The bacterial strain was immobilized in calcium alginate beads with some modification in the entrapment method [16]. Briefly, the sodium alginate of 0.25 gm was mixed in 5 ml distilled water. The LB broth seed culture of equal volume (5 ml) was thoroughly mixed into sodium alginate solution. The mixture was collected into a syringe and dropped from 15 cm height into CaCl2 solution (1.5 gm of 0.2 M CaCl2 in 100 ml distilled water) with continuous steering to form small beads of calcium alginate. The beads were left for 20 min in CaCl2 solution to become hardened. The strain HK2 entrapped into calcium alginate beads were washed with autoclaved distilled water and used for enzyme production in 50 ml culture medium in its optimum culture condition. The inoculum size of immobilized strain was maintained equivalent with the seed culture inoculum size of free strain as used in all other experiments. All the immobilization procedures were performed at room temperature by using autoclaved apparatus and chemical reagents in a laminar air flow cabinet to minimize the contamination.

SDS–Polyacrylamide Gel Electrophoresis

The xylanase and GI enzyme were separated in sodium dodecyl sulfate polyacrylamide gel electrophoresis (SDS-PAGE). The crude enzymes from strain HK2 were run along with protein marker in 10% acrylamide gel. A constant supply of 120 V was maintained throughout the experiment. The gel was immersed in Coomassie brilliant blue for 45 min and de-stained with hot water until the bands were prominent. The presence of protein bands in the gel was compared with standard protein marker (Bio Basic, Canada) to estimate the molecular weight.

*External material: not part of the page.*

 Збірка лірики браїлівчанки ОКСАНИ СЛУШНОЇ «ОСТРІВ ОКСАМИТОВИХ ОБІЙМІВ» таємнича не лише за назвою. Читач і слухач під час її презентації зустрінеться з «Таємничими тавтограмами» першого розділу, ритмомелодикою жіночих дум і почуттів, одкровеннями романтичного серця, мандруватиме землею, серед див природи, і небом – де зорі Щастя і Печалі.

Whereas the hydrolytic activity of xylanase was observed in zymogram analysis. The gel was washed with 1% (v/v) Triton X-100 followed by immersed in 0.1 M citrate buffer (pH 4.8) with 1% beechwood xylan and incubated in hot water bath (55 °C) for 30 min. The gel was stained in 0.1% Congo Red for 30 min subsequently de-stained with 1 M sodium chloride solution and treated with 4% (w/v) acetic acid solution to observe the prominent hydrolytic band. The molecular weight of xylanase was estimated by comparing the hydrolysis bands with the standard protein marker (Bio Basic, Canada).

Results and Discussion

Qualitative Screening of Xylanase and GI Activity Assay

The plate assay techniques were performed for qualitative screening of strain for xylanase and GI activities. The strain HK2 isolated from soil showed positive results with a zone of clearance when treated with Congo Red and 2,3,5-triphenyltetrazolium representing potential xylanase and GI activities respectively. Thus, the strain HK2 was further used for strain’s characterization and quantification of both xylanase and GI activities.

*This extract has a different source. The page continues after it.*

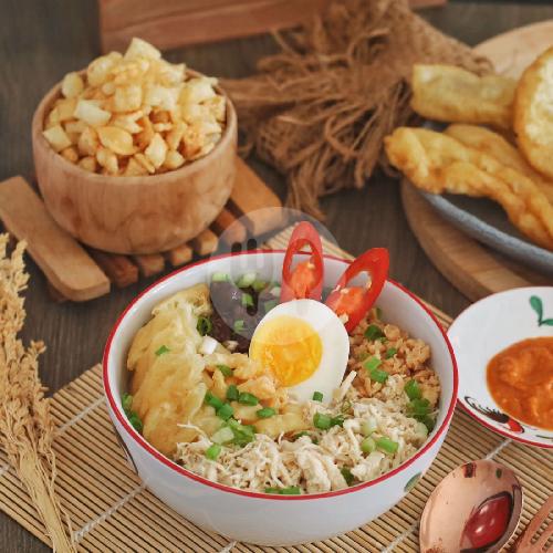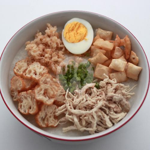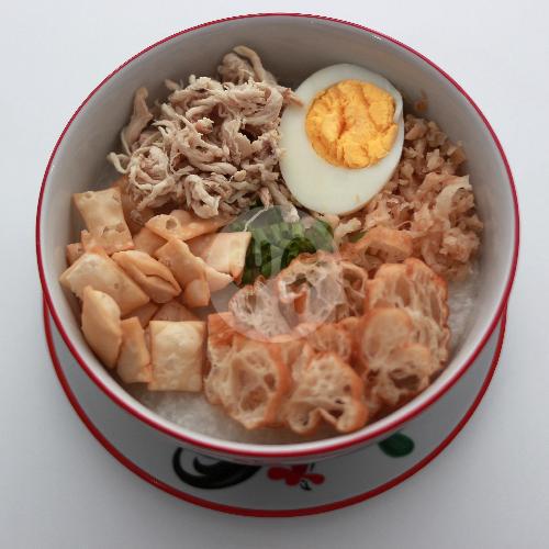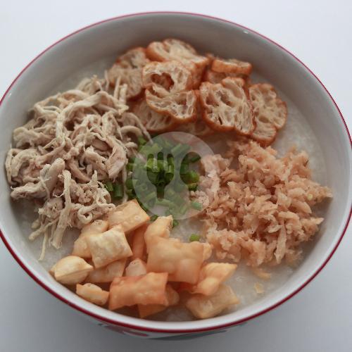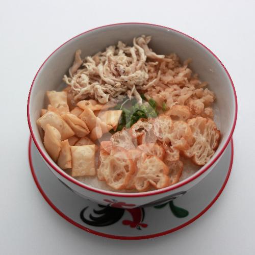 Bubur Ayam Porsi 2x, Ayam Suir, Cakwe, Caipo,kripik Pangsit, Daun Bawang Kecil

Bacterial Isolation and Characterization

Bacterial DNA of strain HK2 was isolated using bacterial genomic DNA isolation kit (Norgen Biotek Corp) and amplified its 16S rRNA using PCR (FroggaBio), universal forward primers HAD-1 (5′-GACTCCTACGGGAGGCAGCAGT) and reverse primer E1115R (5′-AGGGTTGCGCTCGTTGCGGG) following their protocols. The amplified DNA sample was run in 1% agarose gel-electrophoresis and validated the presence of 16S rRNA. The high-quality nucleotide sequence of 768 bp, obtained after Geneious consensus alignment, was submitted in NCBI database to identify the strain. The strain HK2 was identified as Serratia marcescens HK2 with the NCBI accession number MN795833.

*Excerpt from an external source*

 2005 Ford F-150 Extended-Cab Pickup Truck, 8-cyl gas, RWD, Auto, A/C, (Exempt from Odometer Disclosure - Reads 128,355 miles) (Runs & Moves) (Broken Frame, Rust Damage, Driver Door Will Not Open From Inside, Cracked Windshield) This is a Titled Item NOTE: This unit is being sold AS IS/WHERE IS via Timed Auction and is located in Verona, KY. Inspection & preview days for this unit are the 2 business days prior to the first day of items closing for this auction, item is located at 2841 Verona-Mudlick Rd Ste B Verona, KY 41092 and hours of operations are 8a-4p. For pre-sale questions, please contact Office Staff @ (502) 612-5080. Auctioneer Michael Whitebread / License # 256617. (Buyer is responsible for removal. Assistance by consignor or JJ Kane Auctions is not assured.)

The available sequence data for related species of Serratia marcescens were downloaded from GenBank. Sequences were assembled and aligned using the Clustalw module in BioEdit v. 7.0.9.0 [17] with default settings. Phylogenetic analysis was conducted using Neighbor Joining tree with 1000 bootstrap using the program MEGA 7 [18]. The phylogenetic analysis indicates that the Serratia marcescens HK2 in this study was clustered with other strains of Serratia marcescens with high bootstrap support value (Fig. 1).

Fig. 1
figure 1

Phylogeny of selected strains of Serratia sp. clustered with Serratia marcescens HK2 with high bootstrap value

Fig. 2
figure 2

Effect of different pH (a) and incubation time (b) in xylanase production by strain HK2

Fig. 3
figure 3

Effect of different pH (a) and incubation time (b) in GI production by strain HK2

Fig. 4
figure 4

Effect of temperature in GI production (a) and optimum GI activity at different temperature (b) by strain HK2

Fig. 5
figure 5

Effect of different nitrogen sources in xylanase production by strain HK2

Effect of pH and Incubation Time on Enzymes Production

The effect of pH and incubation time on enzyme production was measured at 37 °C by harvesting 1 ml of culture broth each day for 5 days. The initial pH of culture medium was adjusted to 5, 6, 7, 8, 9 and 10 using 0.2 N KOH and 0.2 N HCl. The xylanase production from S. marcescens HK2 was started from 3 days which significantly increased and attained the highest yield at pH 7 in 4 days of fermentation, then after it decreased with increasing the pH values. The earlier study also reported a maximal production of xylanase from Streptomyces sp. [19]. and Aspergillus niger LPB 326 [20] with increased activity in 4 days. However, Techapun et al. [21] suggested the higher yield of xylanase from Streptomyces sp. Ab106 in neutral culture medium (pH 7) after 5 days of fermentation (Fig. 2).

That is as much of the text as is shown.